### Your instructions
Look for the line that has "The cheetah's habitat" in the material below; please repeat it and every line after it, exactly, up to and including the line that has "Wie schon bei", and nothing else.

### Dataset extract
<<<<
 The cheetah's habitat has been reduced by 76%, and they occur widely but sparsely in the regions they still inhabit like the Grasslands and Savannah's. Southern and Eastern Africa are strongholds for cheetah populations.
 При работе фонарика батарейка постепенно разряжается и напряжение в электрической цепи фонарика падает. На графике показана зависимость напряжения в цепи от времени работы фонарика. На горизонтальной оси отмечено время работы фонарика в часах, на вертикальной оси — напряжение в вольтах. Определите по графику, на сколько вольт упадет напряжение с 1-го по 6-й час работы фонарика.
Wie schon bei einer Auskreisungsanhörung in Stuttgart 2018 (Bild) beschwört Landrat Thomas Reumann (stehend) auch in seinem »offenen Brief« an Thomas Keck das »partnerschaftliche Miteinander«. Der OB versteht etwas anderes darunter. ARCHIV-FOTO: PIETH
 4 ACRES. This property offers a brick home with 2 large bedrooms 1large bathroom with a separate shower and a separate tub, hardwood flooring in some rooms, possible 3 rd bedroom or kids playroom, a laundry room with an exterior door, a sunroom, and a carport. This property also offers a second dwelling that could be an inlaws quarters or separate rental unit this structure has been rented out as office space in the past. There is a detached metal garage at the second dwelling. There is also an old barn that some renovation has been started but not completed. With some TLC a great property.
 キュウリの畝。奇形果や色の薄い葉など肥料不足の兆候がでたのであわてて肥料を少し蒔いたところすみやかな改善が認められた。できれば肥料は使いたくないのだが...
>>>>
<<<<
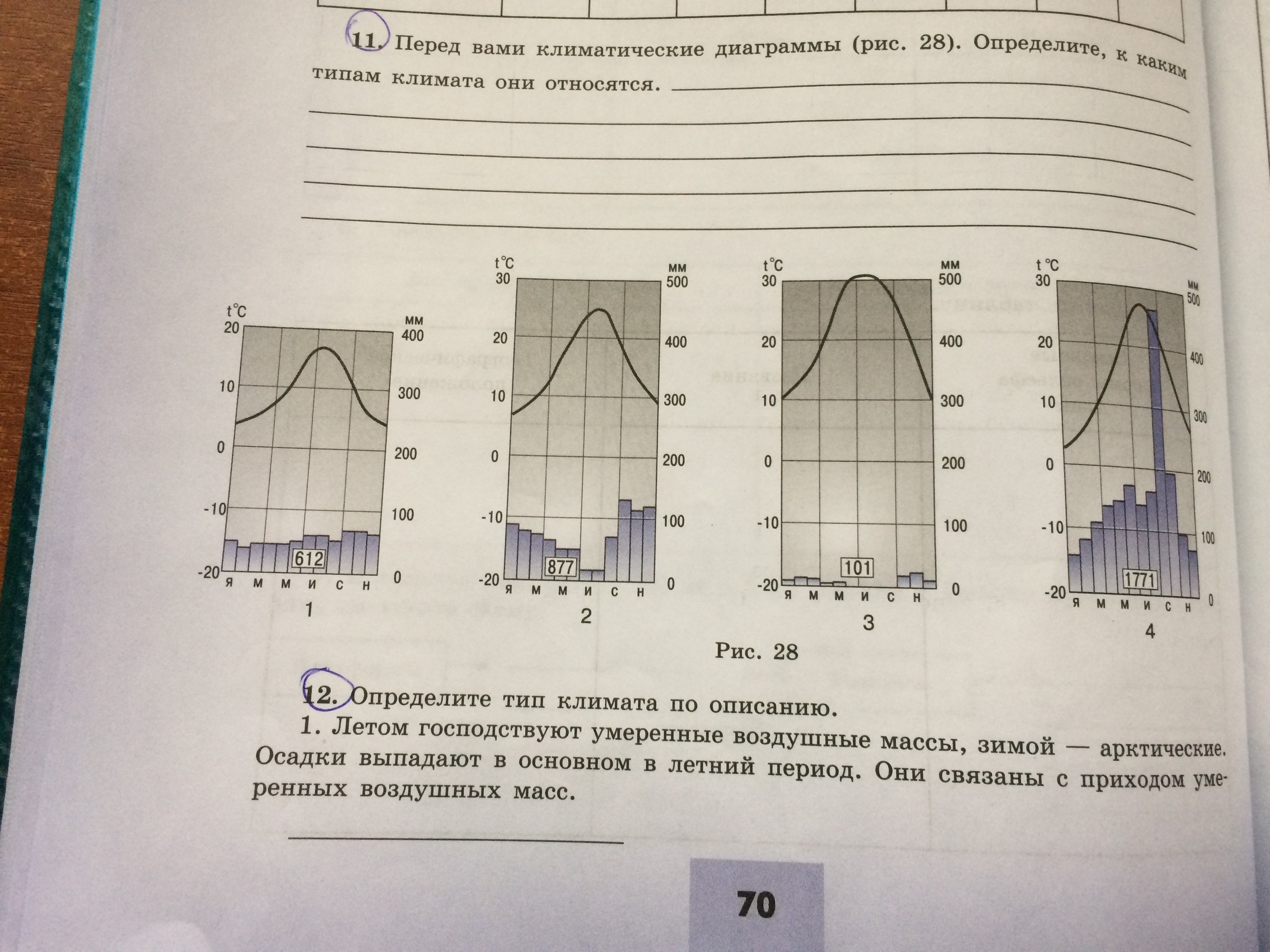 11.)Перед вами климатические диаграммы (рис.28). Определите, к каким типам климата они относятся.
>>>>
<<<<
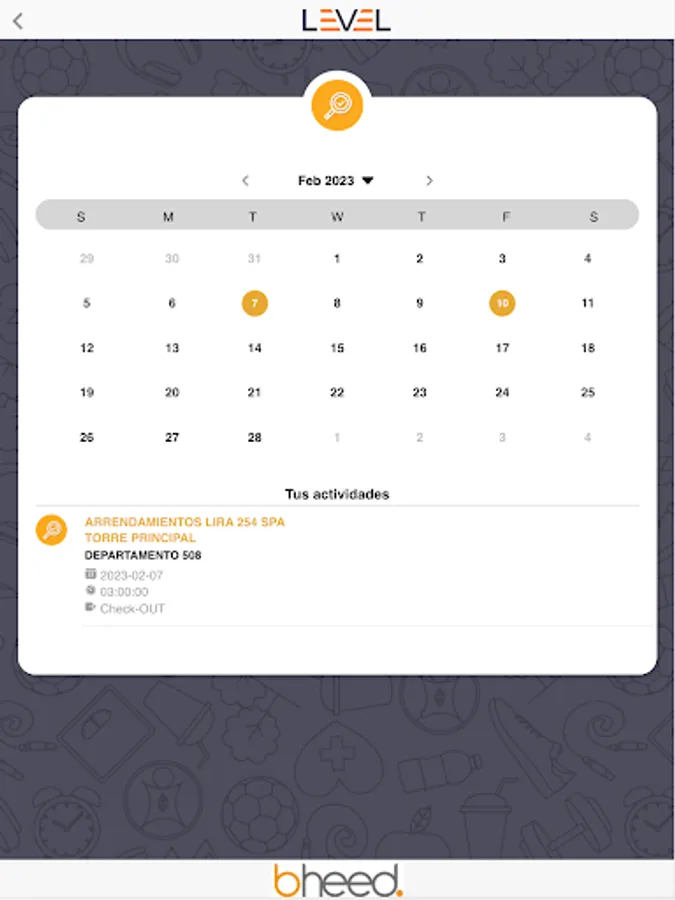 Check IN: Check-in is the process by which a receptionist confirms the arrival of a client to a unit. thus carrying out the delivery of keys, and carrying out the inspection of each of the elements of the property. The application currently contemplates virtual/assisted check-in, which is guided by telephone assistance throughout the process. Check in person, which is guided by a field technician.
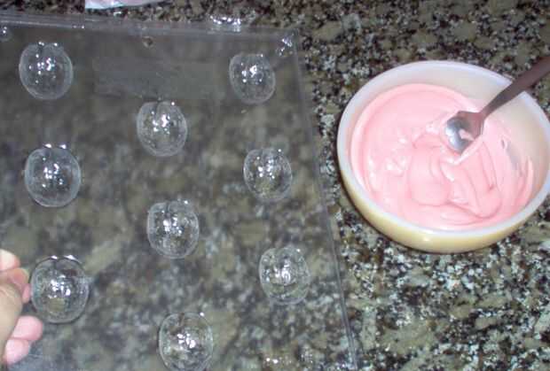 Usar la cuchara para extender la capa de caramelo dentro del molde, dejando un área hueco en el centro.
>>>>
### Your response
 The cheetah's habitat has been reduced by 76%, and they occur widely but sparsely in the regions they still inhabit like the Grasslands and Savannah's. Southern and Eastern Africa are strongholds for cheetah populations.
 При работе фонарика батарейка постепенно разряжается и напряжение в электрической цепи фонарика падает. На графике показана зависимость напряжения в цепи от времени работы фонарика. На горизонтальной оси отмечено время работы фонарика в часах, на вертикальной оси — напряжение в вольтах. Определите по графику, на сколько вольт упадет напряжение с 1-го по 6-й час работы фонарика.
Wie schon bei einer Auskreisungsanhörung in Stuttgart 2018 (Bild) beschwört Landrat Thomas Reumann (stehend) auch in seinem »offenen Brief« an Thomas Keck das »partnerschaftliche Miteinander«. Der OB versteht etwas anderes darunter. ARCHIV-FOTO: PIETH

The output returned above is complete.